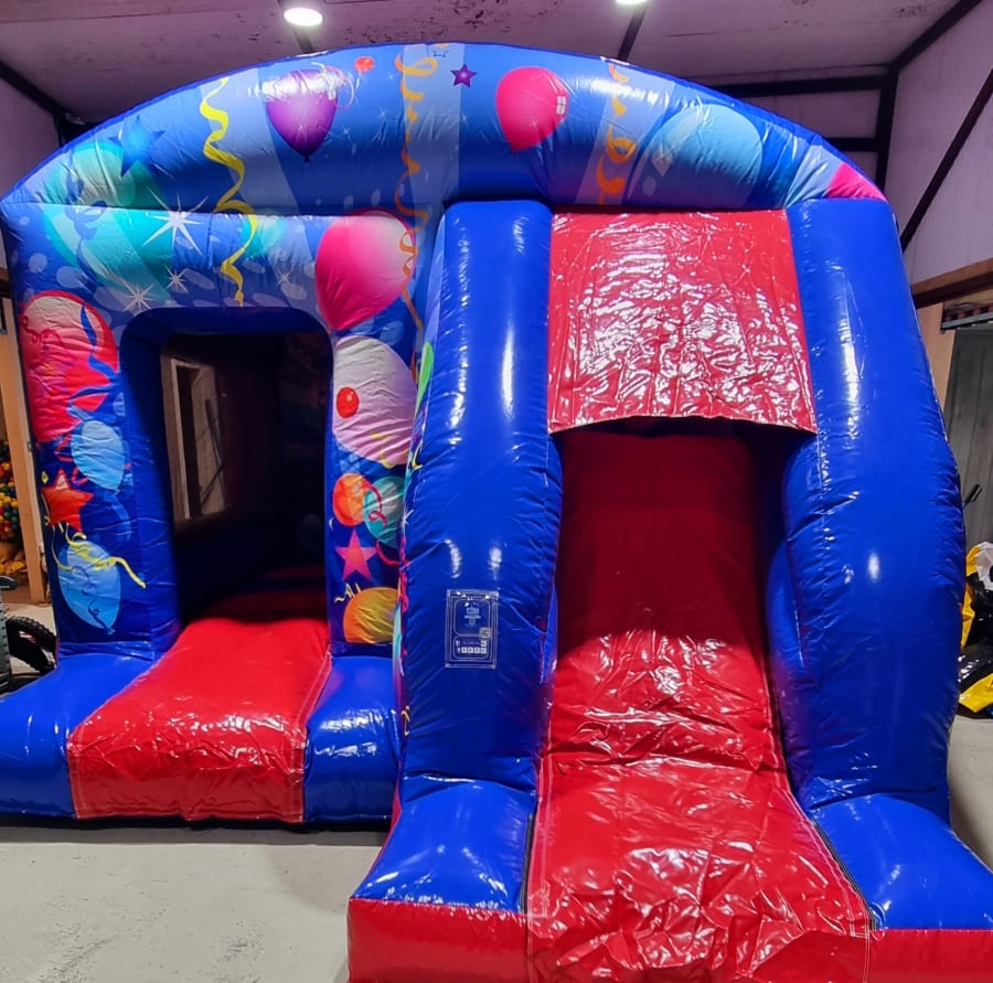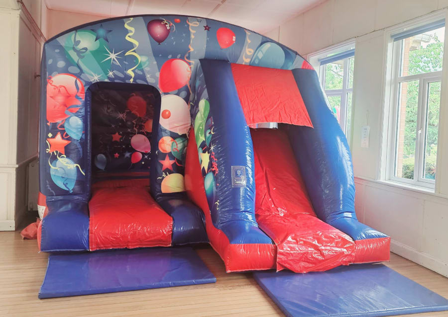 You can't go wrong with this red and blue party themed bounce and slide, the PERFECT addition for joint birthday parties or any party! Vibrant colours with scattered balloons gives the happiest party vibe! This is always a winner!
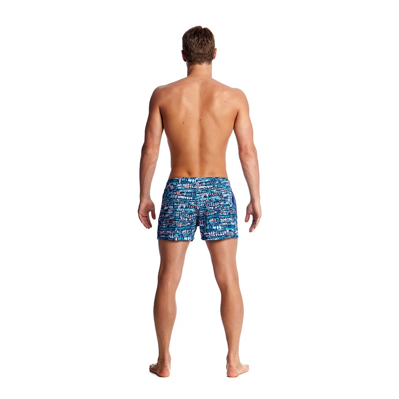 Short and stylish fitted watershort made of quick drying polyester. Features a built in brief for added support, deep side pockets, coin pocket and drawcord to fasten. Now with Funky Trunks branded brass hardware including metal tips, eyelets and rivets. Funky Trunks patch on leg. 90% Polyester 10% Elastane.
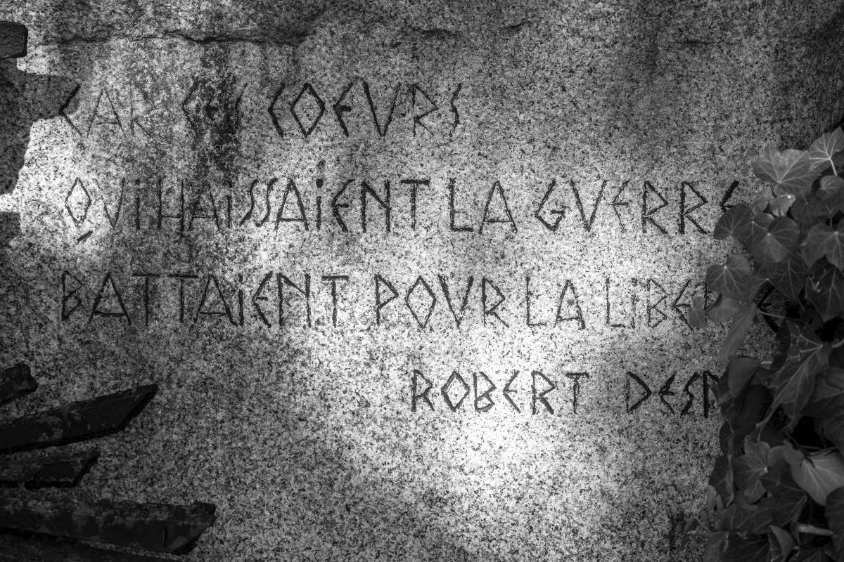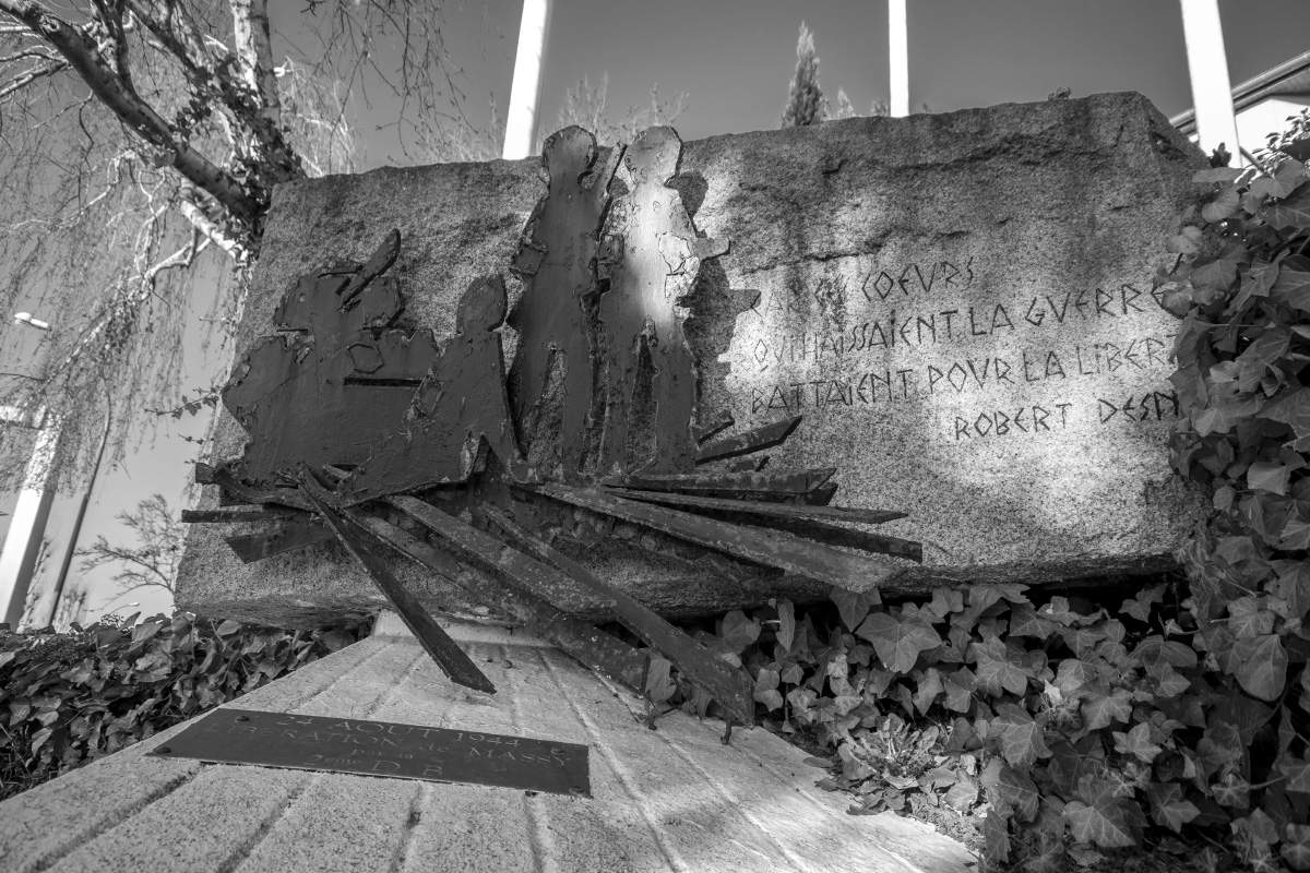 « 24 août 1944 Libération de Massy par la 2e DB » et un bloc de granit rose, fixé sur le socle, où l’on peut lire : « Car ces cœurs qui haïssaient la guerre battaient pour la liberté » , signé Robert Desnos. À côté, sur la partie gauche, une sculpture en métal noir représente un char et deux soldats debout et un assis.
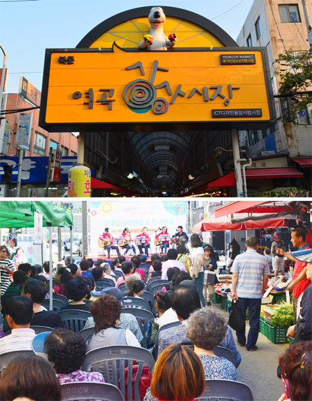 ‘만화의 도시’ 부천에 있는 역곡상상시장은 백곰을 캐릭터화한 ‘빼꼼’(위쪽 사진)을 시장 출입구에 조형물로 설치했다. 이 시장은 각종 문화공연(아래쪽 사진)도 열며 지역의 문화관광 공간 역할도 하고 있다. 부천 역곡상상시장 제공이곳은 아케이드를 설치한 덕분에 눈이나 비를 맞지 않아도 된다. 고객이 걸어 다니는 골목의 폭은 4m에 이른다. 대형마트에서나 볼 수 있는 카트는 물론 한 손에는 아이 손을 잡고, 다른 손으로 유모차를 미는 주부도 눈에 띄었다.

Directions: Give back, exactly as written, the lines from the top of the material through the line with "Short and stylish", ends included and pictures left aside.

Answer to this task:
 You can't go wrong with this red and blue party themed bounce and slide, the PERFECT addition for joint birthday parties or any party! Vibrant colours with scattered balloons gives the happiest party vibe! This is always a winner!
 Short and stylish fitted watershort made of quick drying polyester. Features a built in brief for added support, deep side pockets, coin pocket and drawcord to fasten. Now with Funky Trunks branded brass hardware including metal tips, eyelets and rivets. Funky Trunks patch on leg. 90% Polyester 10% Elastane.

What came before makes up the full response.